Records:
____
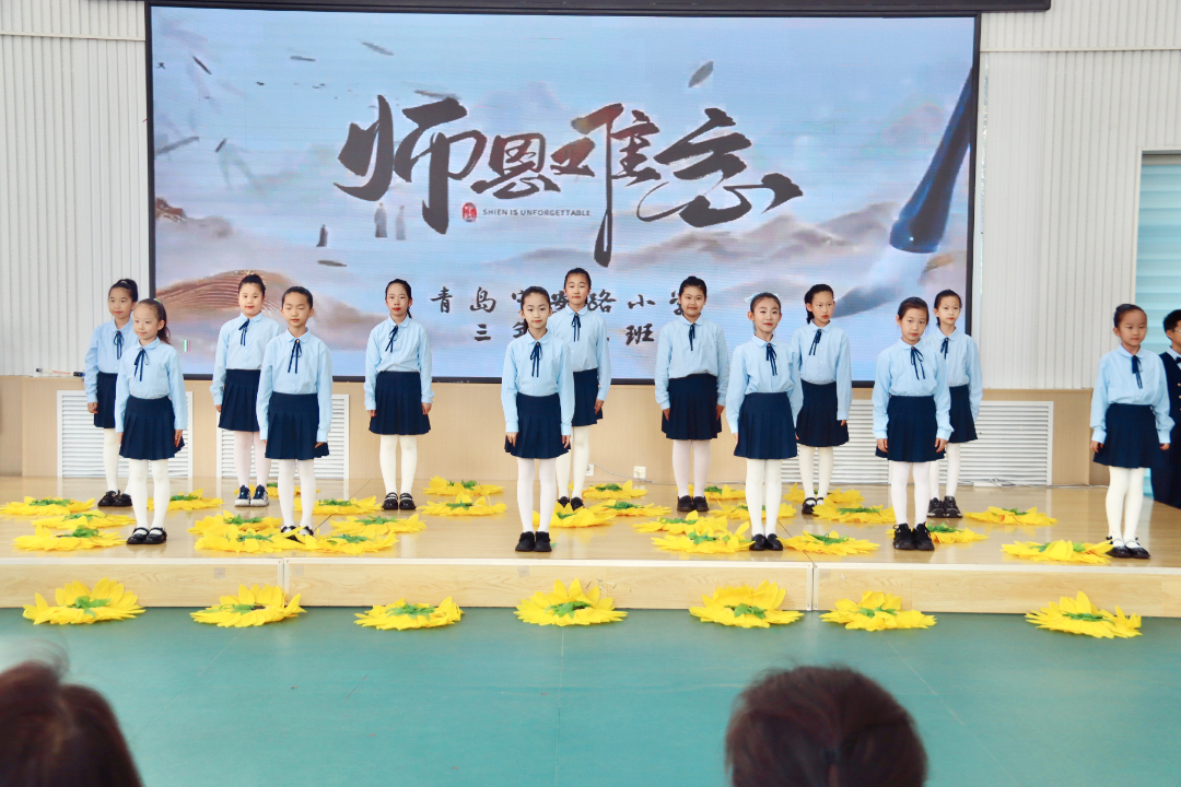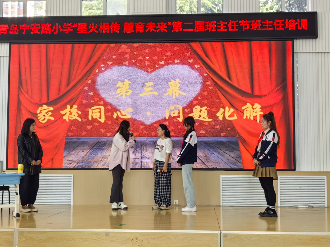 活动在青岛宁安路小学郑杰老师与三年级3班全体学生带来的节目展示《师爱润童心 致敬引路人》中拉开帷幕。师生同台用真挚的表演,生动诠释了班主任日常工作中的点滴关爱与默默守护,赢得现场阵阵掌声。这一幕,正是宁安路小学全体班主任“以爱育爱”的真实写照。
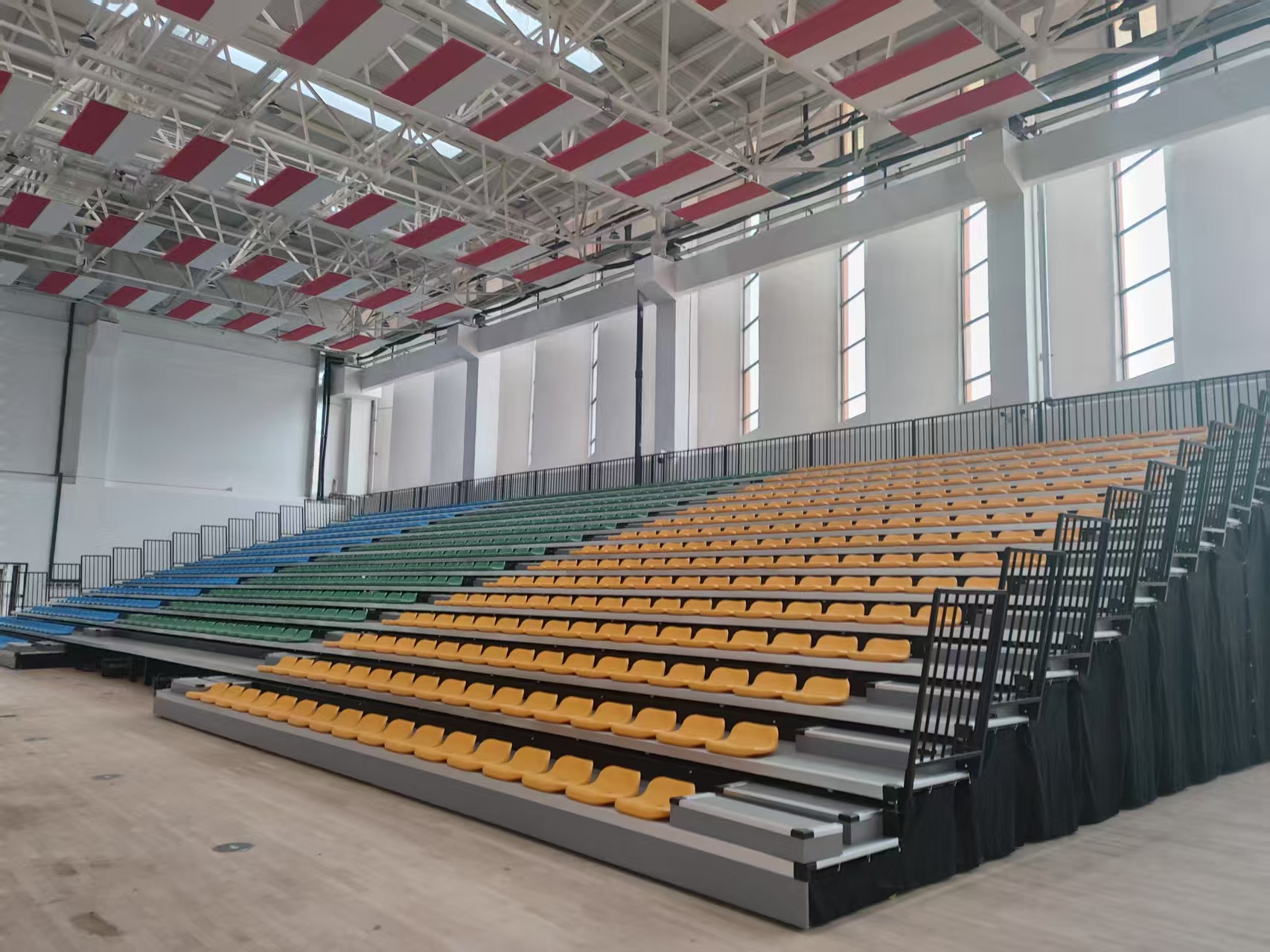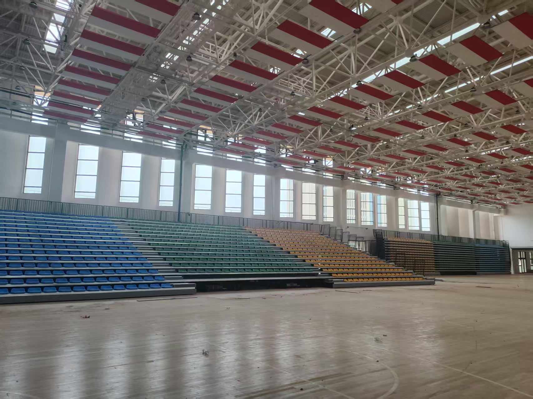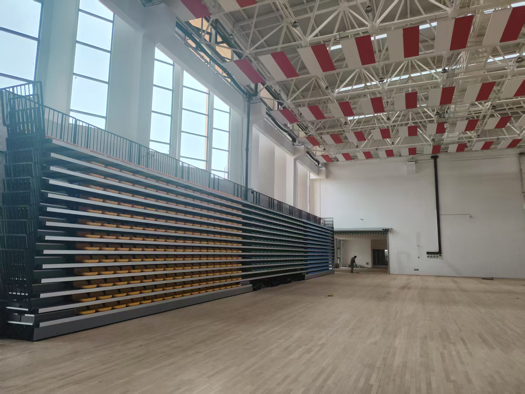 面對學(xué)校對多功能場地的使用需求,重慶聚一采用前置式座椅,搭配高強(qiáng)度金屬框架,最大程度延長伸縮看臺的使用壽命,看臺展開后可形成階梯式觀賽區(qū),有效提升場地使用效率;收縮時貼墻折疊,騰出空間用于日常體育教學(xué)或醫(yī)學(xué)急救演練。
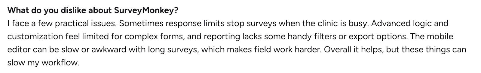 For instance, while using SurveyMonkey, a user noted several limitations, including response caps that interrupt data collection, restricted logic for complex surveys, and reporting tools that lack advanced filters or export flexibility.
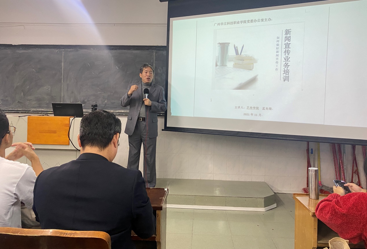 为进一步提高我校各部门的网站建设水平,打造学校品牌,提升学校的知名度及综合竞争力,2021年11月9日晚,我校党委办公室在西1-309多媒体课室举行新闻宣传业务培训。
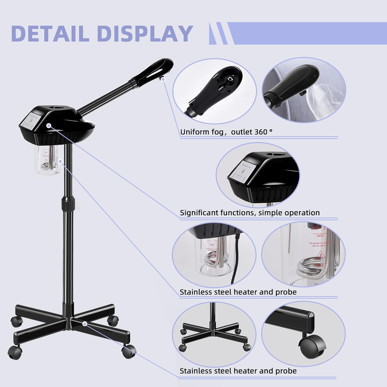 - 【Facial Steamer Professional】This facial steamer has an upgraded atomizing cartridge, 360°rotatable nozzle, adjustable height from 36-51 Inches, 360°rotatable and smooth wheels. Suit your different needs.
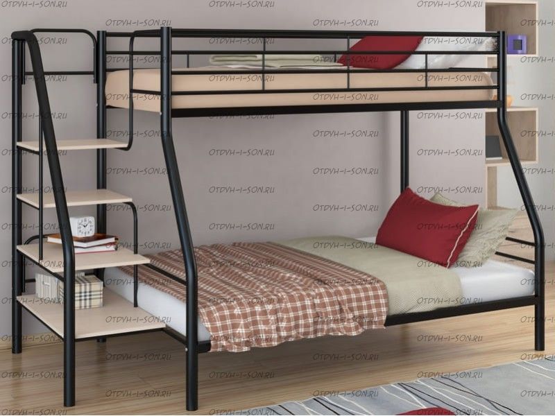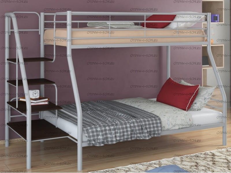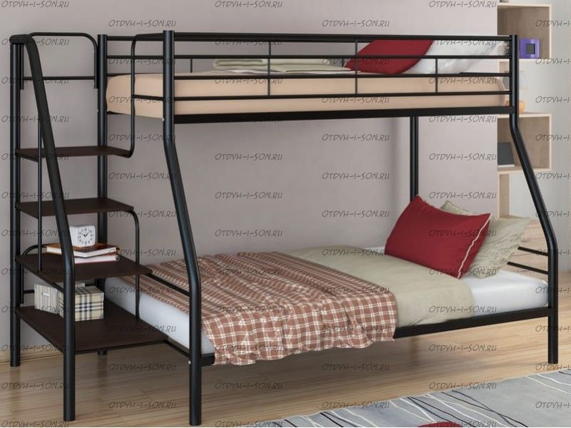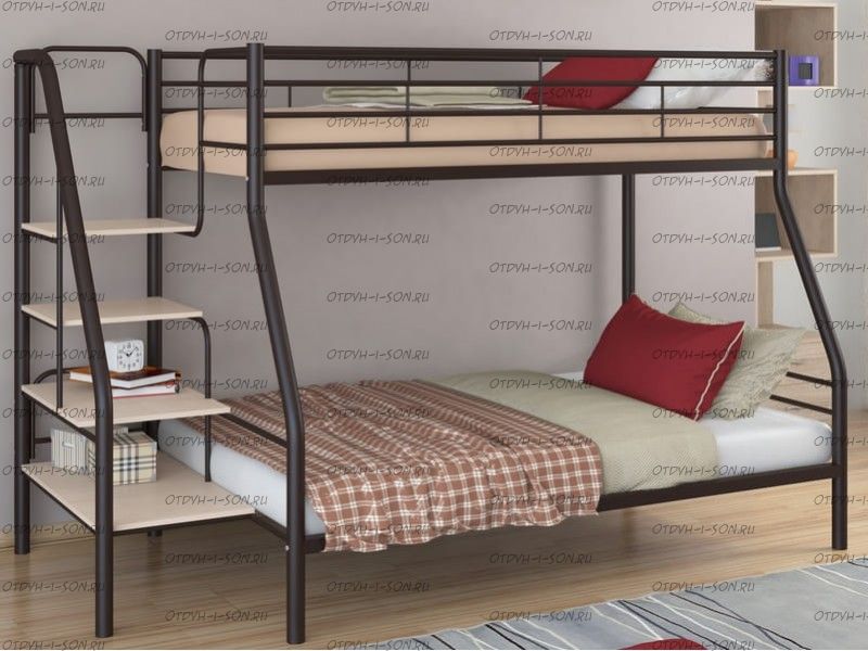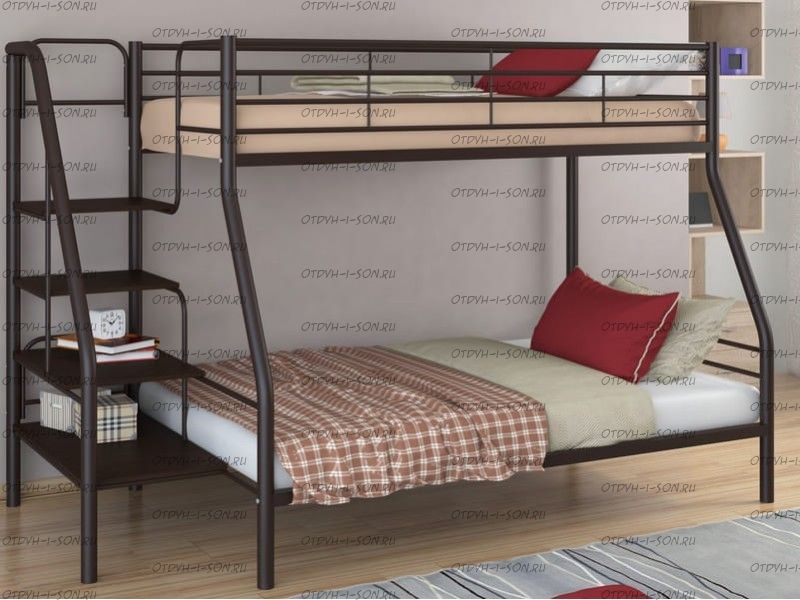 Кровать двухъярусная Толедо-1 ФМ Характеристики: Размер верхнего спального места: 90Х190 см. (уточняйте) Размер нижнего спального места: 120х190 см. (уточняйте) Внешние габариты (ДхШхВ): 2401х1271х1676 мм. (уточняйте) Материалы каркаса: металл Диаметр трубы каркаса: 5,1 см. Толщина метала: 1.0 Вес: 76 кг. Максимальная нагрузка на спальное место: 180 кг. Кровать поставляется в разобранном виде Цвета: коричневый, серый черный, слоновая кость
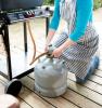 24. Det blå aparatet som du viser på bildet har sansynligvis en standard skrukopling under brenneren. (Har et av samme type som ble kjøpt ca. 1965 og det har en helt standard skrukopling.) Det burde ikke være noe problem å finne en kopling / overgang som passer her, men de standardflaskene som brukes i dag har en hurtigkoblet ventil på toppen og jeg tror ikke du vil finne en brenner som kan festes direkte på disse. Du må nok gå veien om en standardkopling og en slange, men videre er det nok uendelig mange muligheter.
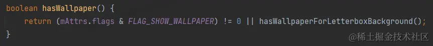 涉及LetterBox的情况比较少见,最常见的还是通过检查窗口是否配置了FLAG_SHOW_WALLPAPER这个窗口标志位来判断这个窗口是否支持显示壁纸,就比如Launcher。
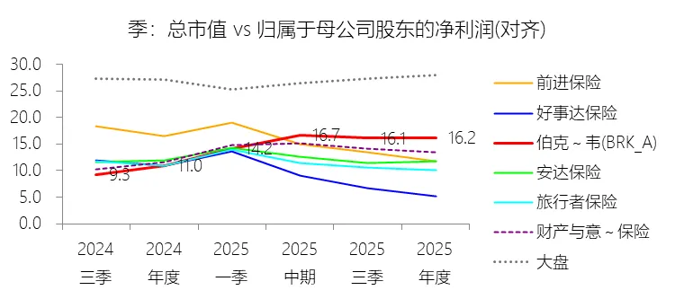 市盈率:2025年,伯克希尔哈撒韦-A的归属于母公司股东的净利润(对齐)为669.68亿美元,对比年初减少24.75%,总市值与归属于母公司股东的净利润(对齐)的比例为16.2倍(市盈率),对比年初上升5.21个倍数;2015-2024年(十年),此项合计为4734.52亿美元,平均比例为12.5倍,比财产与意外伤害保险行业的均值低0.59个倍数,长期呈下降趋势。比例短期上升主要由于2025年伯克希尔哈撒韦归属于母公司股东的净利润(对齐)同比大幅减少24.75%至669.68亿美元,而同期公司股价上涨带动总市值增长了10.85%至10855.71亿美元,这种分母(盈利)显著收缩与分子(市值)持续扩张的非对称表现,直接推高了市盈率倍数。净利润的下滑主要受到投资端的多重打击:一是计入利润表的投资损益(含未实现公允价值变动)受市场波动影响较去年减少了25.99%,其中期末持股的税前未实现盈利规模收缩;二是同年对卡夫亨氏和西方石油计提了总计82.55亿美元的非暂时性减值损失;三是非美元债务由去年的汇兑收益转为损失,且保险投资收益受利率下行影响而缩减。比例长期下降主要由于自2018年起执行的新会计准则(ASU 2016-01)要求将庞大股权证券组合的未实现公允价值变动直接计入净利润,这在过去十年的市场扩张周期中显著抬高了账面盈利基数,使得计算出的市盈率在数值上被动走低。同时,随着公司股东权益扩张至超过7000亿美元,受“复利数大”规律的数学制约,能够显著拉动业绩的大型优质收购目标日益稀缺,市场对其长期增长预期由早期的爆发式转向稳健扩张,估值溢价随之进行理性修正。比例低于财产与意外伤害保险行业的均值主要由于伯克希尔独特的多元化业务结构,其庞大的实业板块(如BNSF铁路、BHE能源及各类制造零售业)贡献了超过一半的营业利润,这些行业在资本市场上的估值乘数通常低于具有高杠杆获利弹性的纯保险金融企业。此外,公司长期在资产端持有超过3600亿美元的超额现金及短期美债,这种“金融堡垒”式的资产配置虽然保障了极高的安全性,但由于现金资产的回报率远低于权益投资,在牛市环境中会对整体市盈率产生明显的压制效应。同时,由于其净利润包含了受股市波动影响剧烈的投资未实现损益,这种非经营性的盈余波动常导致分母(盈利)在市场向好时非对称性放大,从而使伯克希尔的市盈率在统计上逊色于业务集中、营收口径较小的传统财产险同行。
____
Task brief: Within the listing above, copy exactly the lines that start at the one with "For instance, while" and continue through the one with "涉及LetterBox的情况". Omit pictures.

The answer:
 For instance, while using SurveyMonkey, a user noted several limitations, including response caps that interrupt data collection, restricted logic for complex surveys, and reporting tools that lack advanced filters or export flexibility.
 为进一步提高我校各部门的网站建设水平,打造学校品牌,提升学校的知名度及综合竞争力,2021年11月9日晚,我校党委办公室在西1-309多媒体课室举行新闻宣传业务培训。
 - 【Facial Steamer Professional】This facial steamer has an upgraded atomizing cartridge, 360°rotatable nozzle, adjustable height from 36-51 Inches, 360°rotatable and smooth wheels. Suit your different needs.
 Кровать двухъярусная Толедо-1 ФМ Характеристики: Размер верхнего спального места: 90Х190 см. (уточняйте) Размер нижнего спального места: 120х190 см. (уточняйте) Внешние габариты (ДхШхВ): 2401х1271х1676 мм. (уточняйте) Материалы каркаса: металл Диаметр трубы каркаса: 5,1 см. Толщина метала: 1.0 Вес: 76 кг. Максимальная нагрузка на спальное место: 180 кг. Кровать поставляется в разобранном виде Цвета: коричневый, серый черный, слоновая кость
 24. Det blå aparatet som du viser på bildet har sansynligvis en standard skrukopling under brenneren. (Har et av samme type som ble kjøpt ca. 1965 og det har en helt standard skrukopling.) Det burde ikke være noe problem å finne en kopling / overgang som passer her, men de standardflaskene som brukes i dag har en hurtigkoblet ventil på toppen og jeg tror ikke du vil finne en brenner som kan festes direkte på disse. Du må nok gå veien om en standardkopling og en slange, men videre er det nok uendelig mange muligheter.
 涉及LetterBox的情况比较少见,最常见的还是通过检查窗口是否配置了FLAG_SHOW_WALLPAPER这个窗口标志位来判断这个窗口是否支持显示壁纸,就比如Launcher。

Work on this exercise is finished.